Plastic-bonded compositions consisting of a silicone binder capable of crosslinking at ambient temperature, also known by the name of "RTV" (Room Temperature Vulcanizable) binder and of potassium perchlorate were then proposed, the potassium atom acting as an internal chlorine-scavenger. Such compositions are, for example, described in Patents FR-A-2 190 776 and FR-B-2 213 254 or in their American equivalents U.S. Pat. Nos. 3,986,908 and 3,964,256.
More recently, plastic-bonded compositions consisting of a silicone binder of the RTV type and of fillers of the metal azide type or nitro compounds such as tetrazole have also been proposed in patent application WO94/06735.

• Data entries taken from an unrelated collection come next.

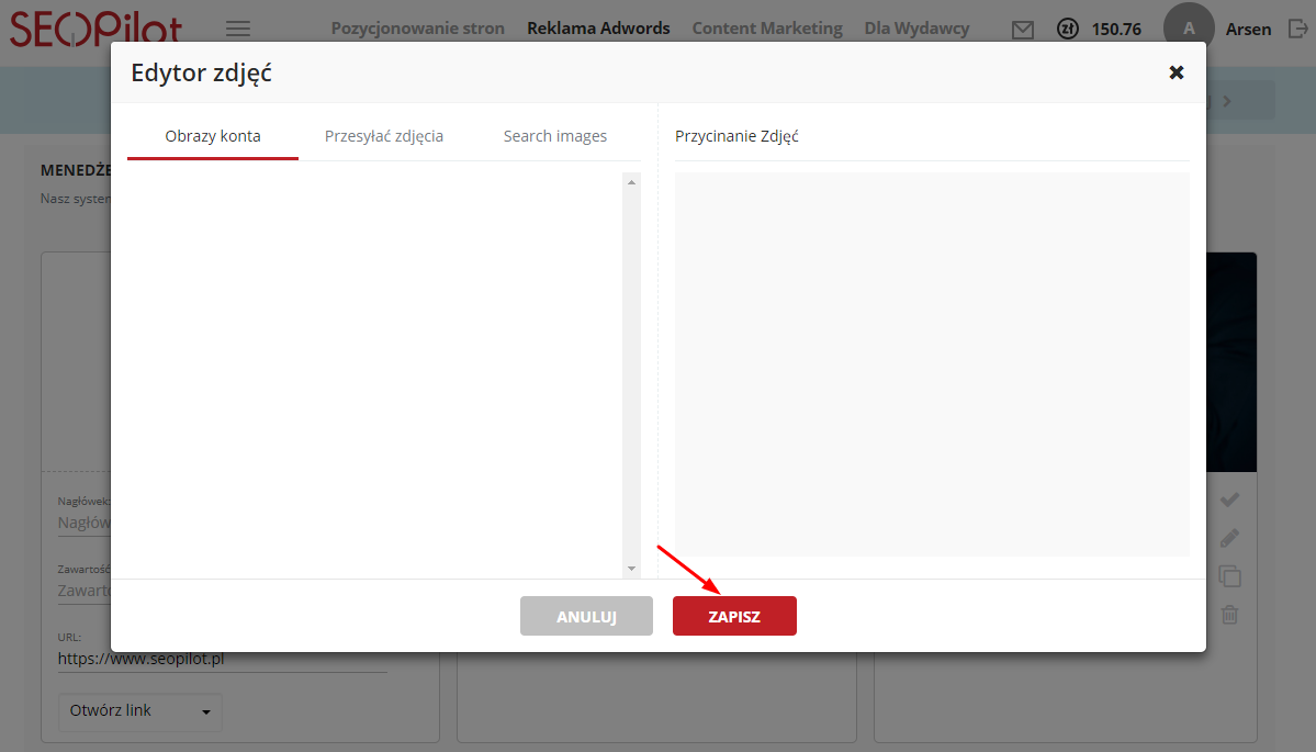 Tu przydatny może okazać się Edytor zdjęć. Po dokonaniu obróbki zdjęcia naciśnij przycisk ZAPISZ.
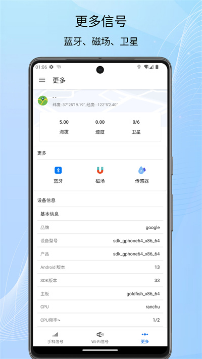 信号检测仪是一款用于信号检测的工具,借助这款软件,我们能够对手机型号展开检测处理。它具备丰富多样的信号检测功能,涵盖手机信号、WiFi信号、GPS信号、蓝牙信号等各类检测服务,足以满足大家的检测使用需求。
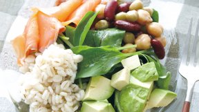 鶏ひき肉でつくる塩味ベースのつくねをメインにした、さっぱり&ヘルシーなお弁当です。たっぷりのえのきだけを加えたつくねは、冷めても柔らか。カラフルなサラダで彩りと食感の変化を楽しみます。
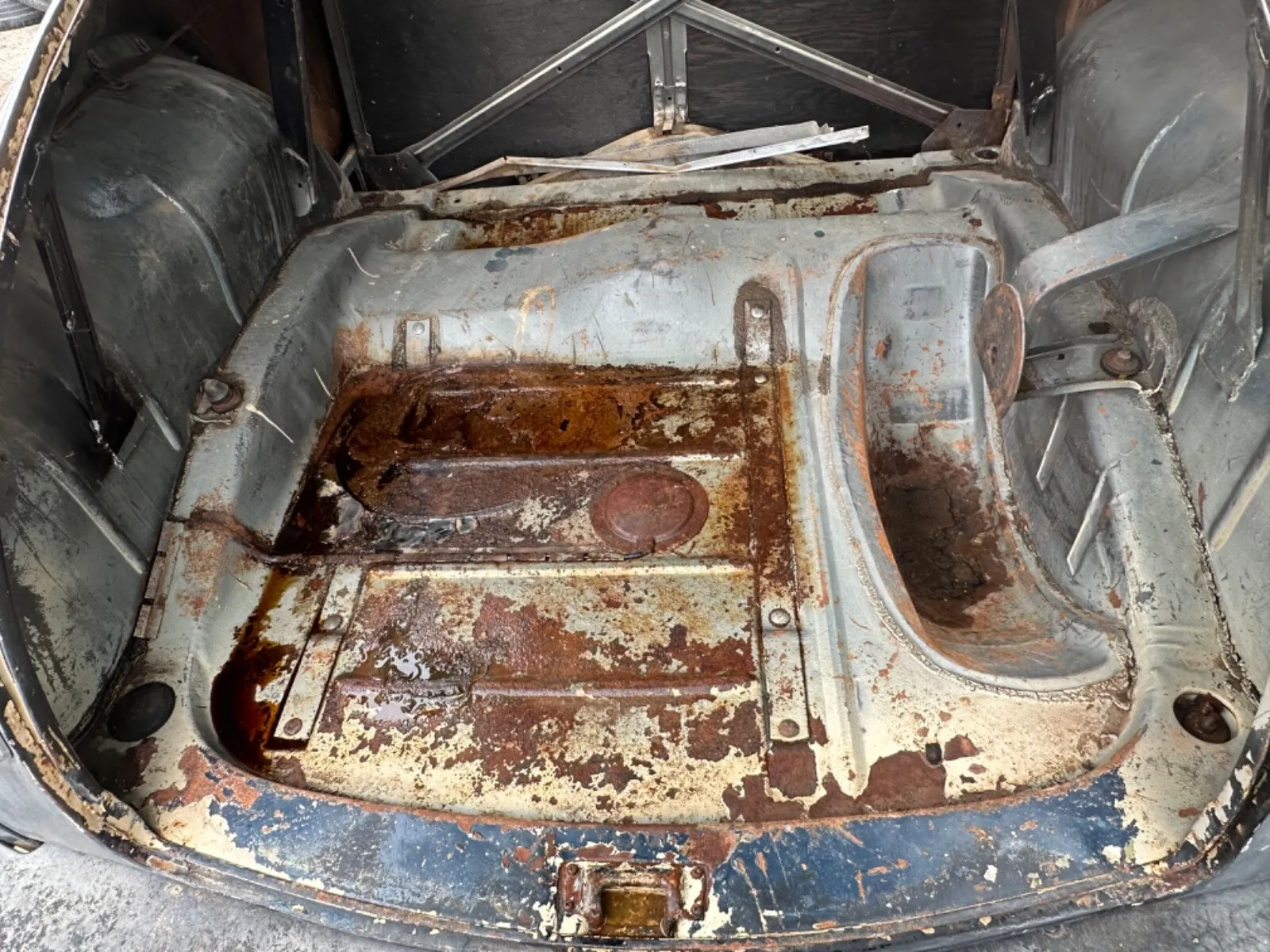 While we don’t know about the floorboards, a picture of the trunk reveals some corrosion damage. It is hard to avoid moisture in low places when the trunk seals dried up so long ago. Still, a talented body man could probably weld in some patches here and there to make the car watertight. The picture above also shows just how cavernous the trunk was on these elongated three-window coupes.
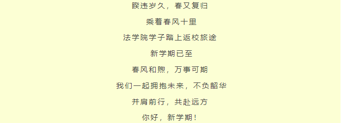 春风送暖,学子归来。愿大家在新学期里,如繁花般绽放光彩,学业蒸蒸日上,梦想熠熠生辉;愿大家心怀远方,步履坚定,在知识的沃土中播种希望,收获成长与辉煌!
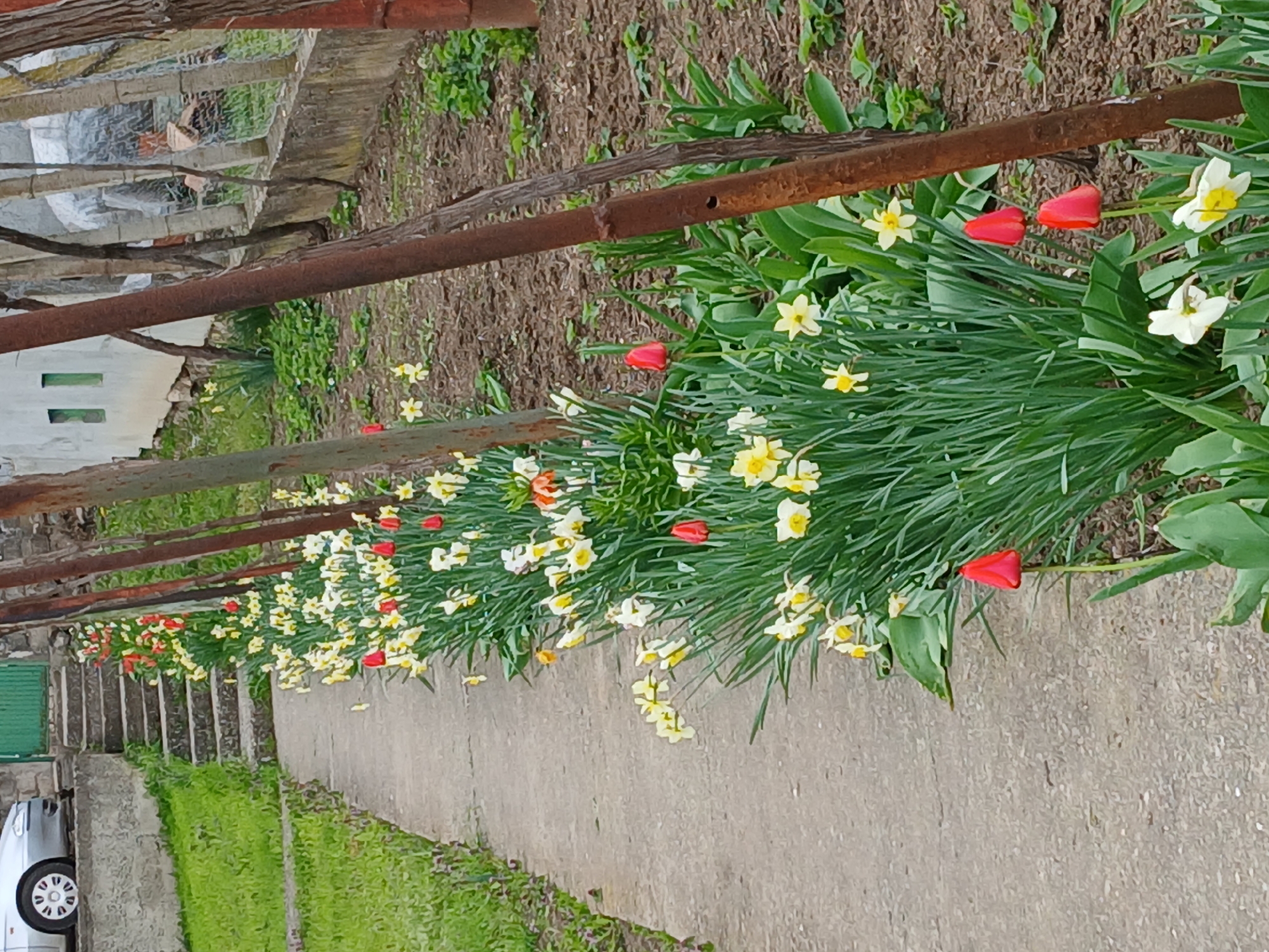 garden path in Banitsa, Bulgaria. The path is made of concrete and has a border of grass on the left and a flower bed on the right. The flower bed is full of daffodils and red tulips. A rusty metal structure runs along the edge of the flower bed. Steps lead up to a green door in the background. A white car is parked on the left.
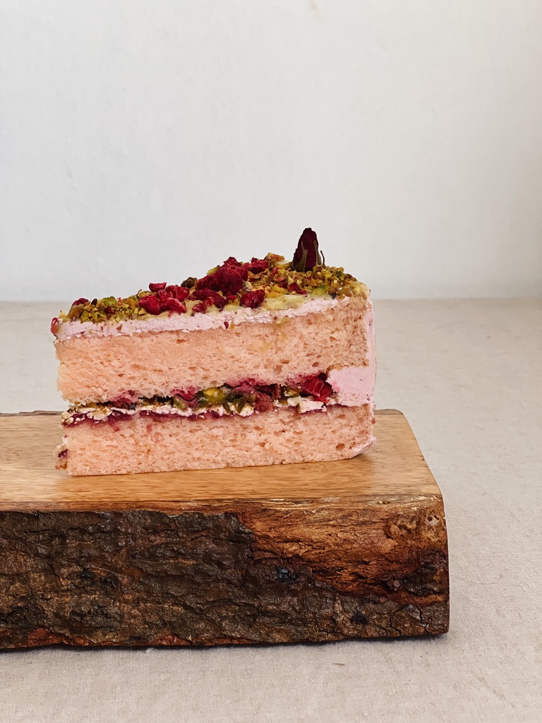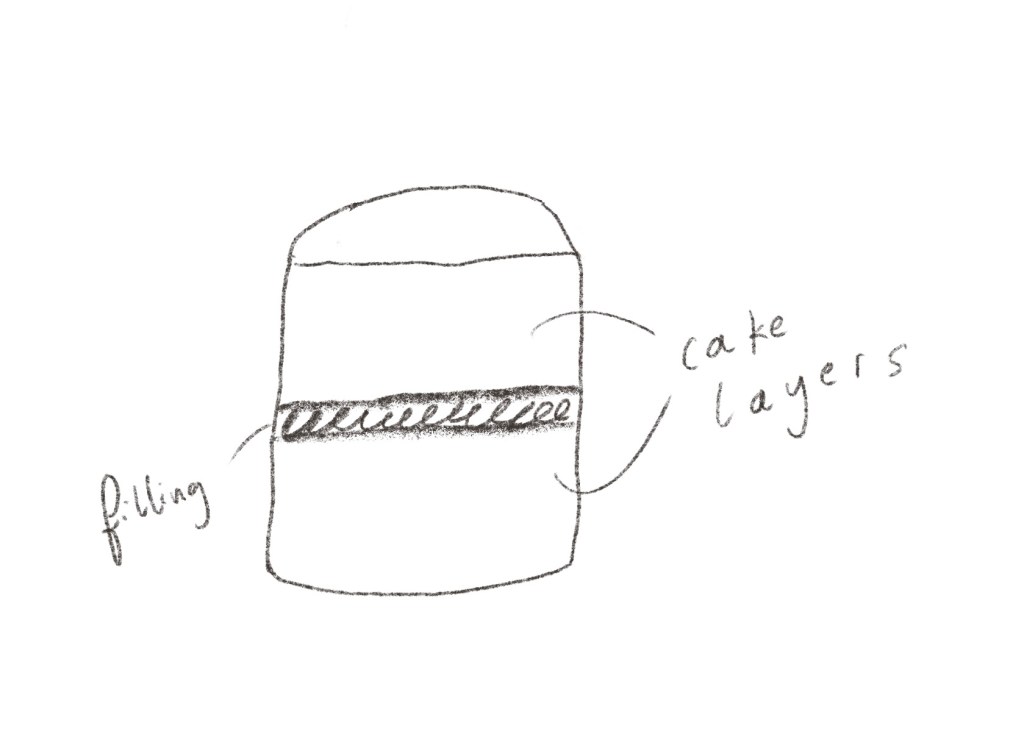 If you have chosen the petite, it would mean that you would receive a cake that is 5″ in diameter with 2 layers of sponge cake and 1 layer of cream in the center and the rest of the cream on the exterior.
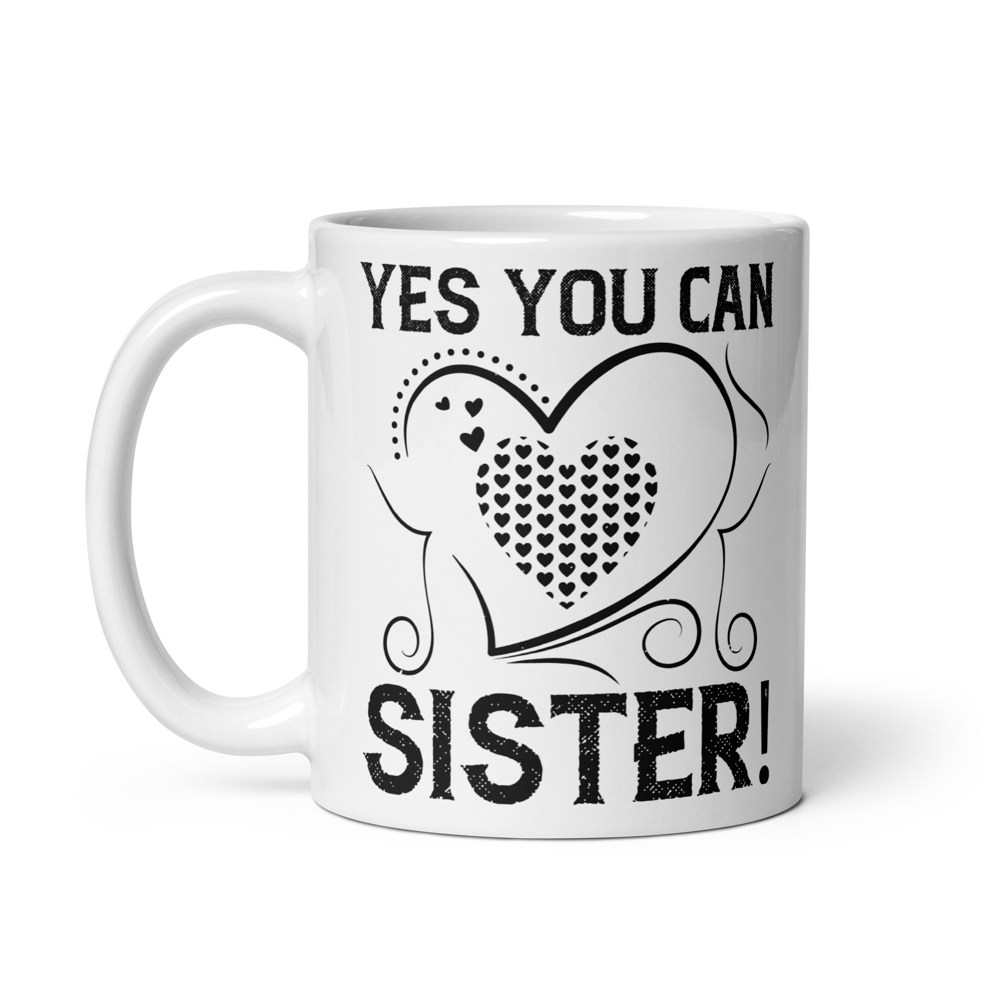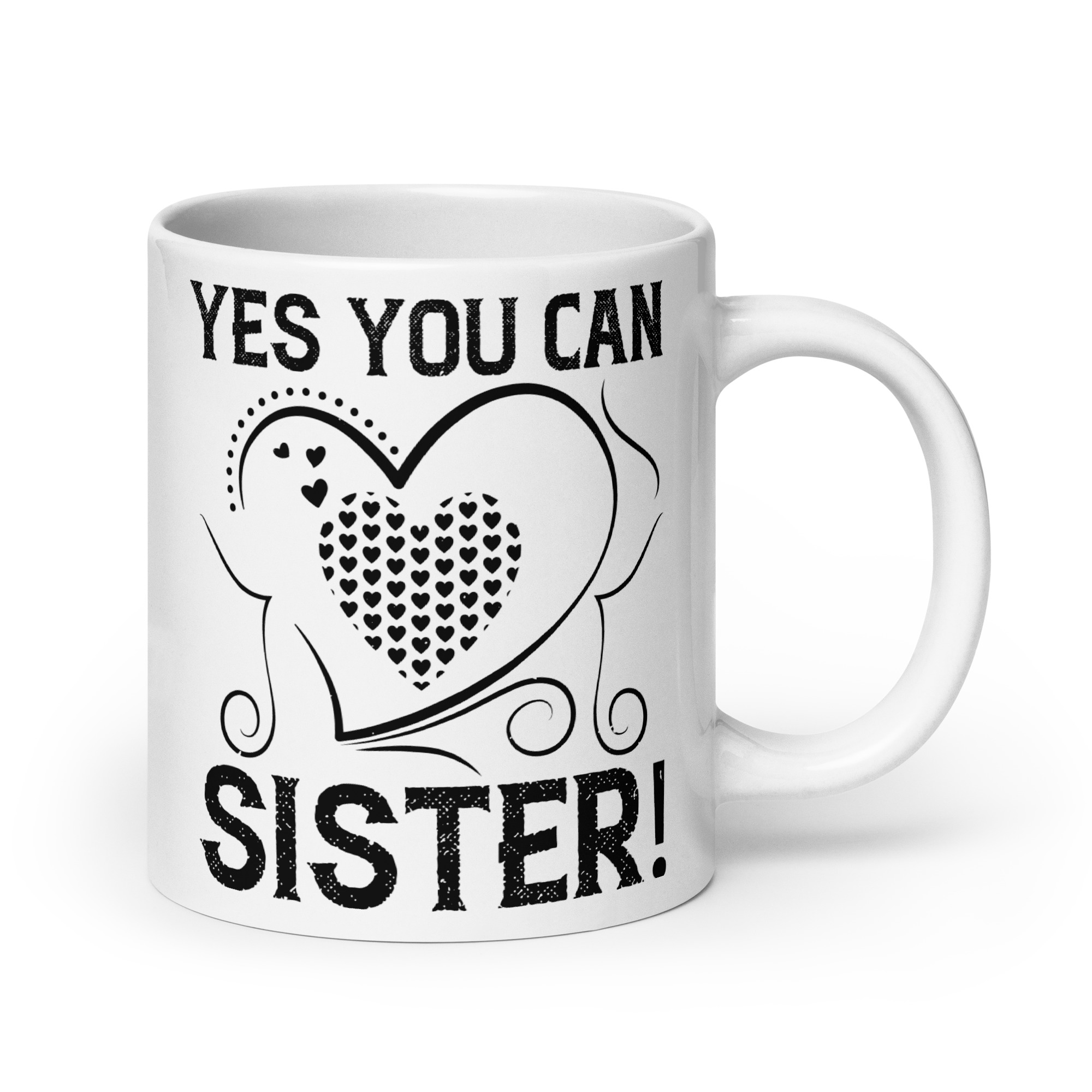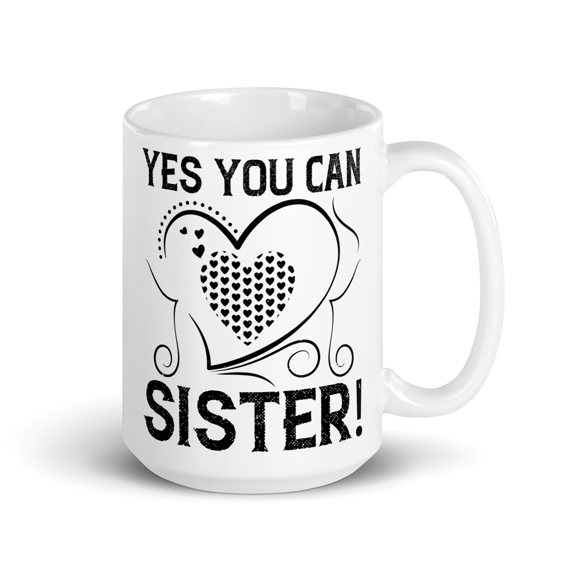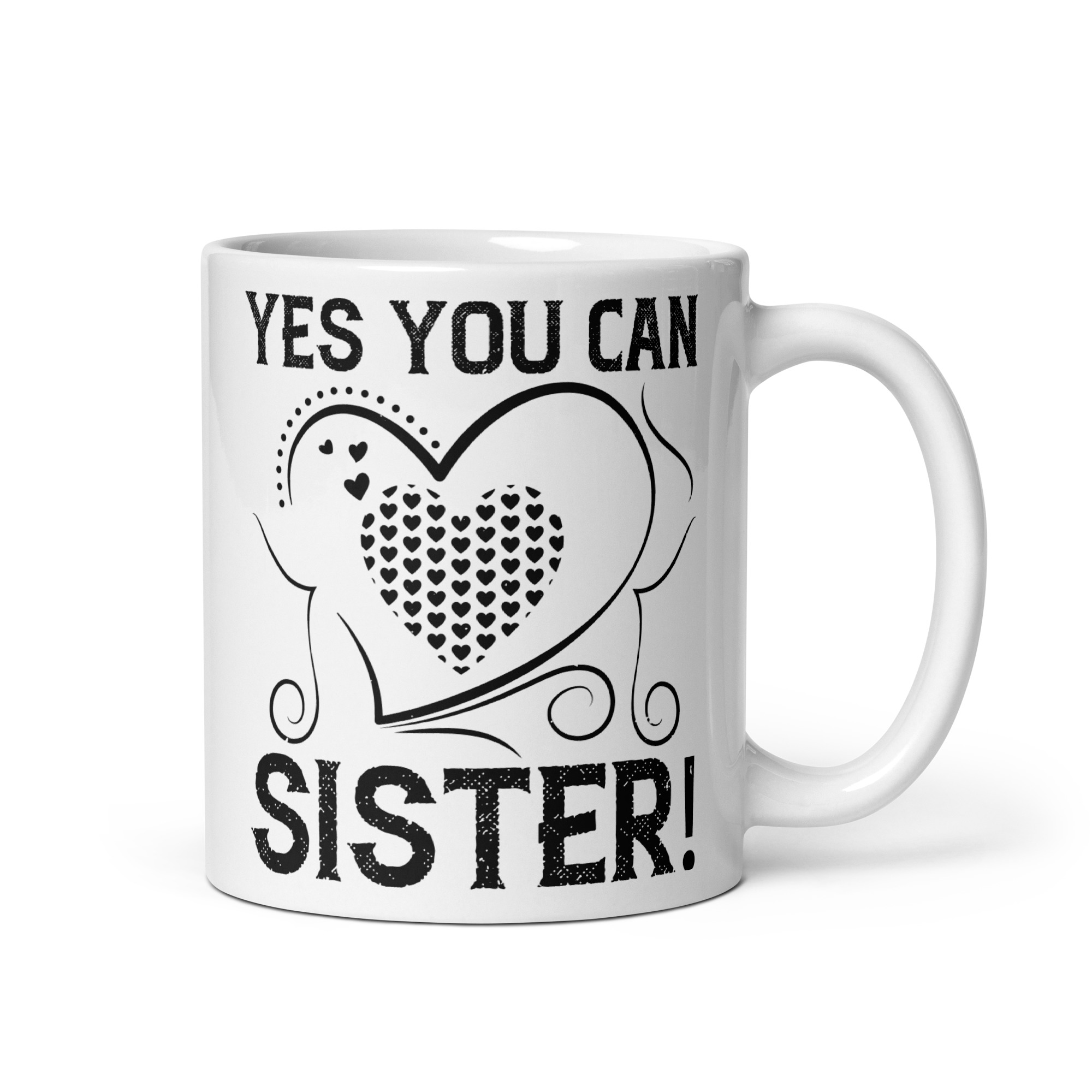 Looking for a fun addition to your caffeinated mornings? This ceramic Yes you can sister funny coffee mug / cup is sure to put a smile on your face! It’s dishwasher-safe and perfect for everyday use.

The use of plastic-bonded compositions with a silicone binder is actually very advantageous in the field of motor vehicle safety, insofar as the silicone matrix, when burning, produces a glassy residue which ensures a first filtration of the combustion gases. Nevertheless, compositions of this type have the disadvantage of being tricky to use if the intention is to employ continuous manufacturing processes making use of an extrusion stage, because of the poor mechanical strength of uncrosslinked silicone binders.
From the teaching of Patent U.S. Pat. No. 3,367,816 it is known to extrude continuously an uncrosslinked silicone resin dough to ensure the internal coating of continuously manufactured pipes. However, at the present time it is not known to extrude continuously objects with an uncrosslinked silicone matrix which has a form and dimensions that are fully defined and stable, so as to be capable of being subsequently crosslinked without any change in the geometrical parameters.
At the present time the pyrotechnic compositions with a silicone binder are therefore employed in the form of granulates and not in the form of a single-block charge that has a shape and dimensions which are fully defined, because such charges cannot be obtained by continuous processes but only by noncontinuous processes for forming and curing in a mould, which are prohibitively expensive for the motor vehicle industry.
To ensure the reliability of the operation of the pyrotechnic generator which is subjected to many mechanical stresses, however, it is clearly preferable that it should contain a charge of pyrotechnic composition in the form of a block whose geometry is relatively insensitive to mechanical stresses and especially to repeated vibrations, rather than a bulk granulate charge.
The person skilled in the art is therefore searching for a continuous process which would enable him or her to obtain plastic-bonded pyrotechnic charges with a silicone binder which have a defined and reliable geometry, especially in the case where the said charge must have small thicknesses to be burnt.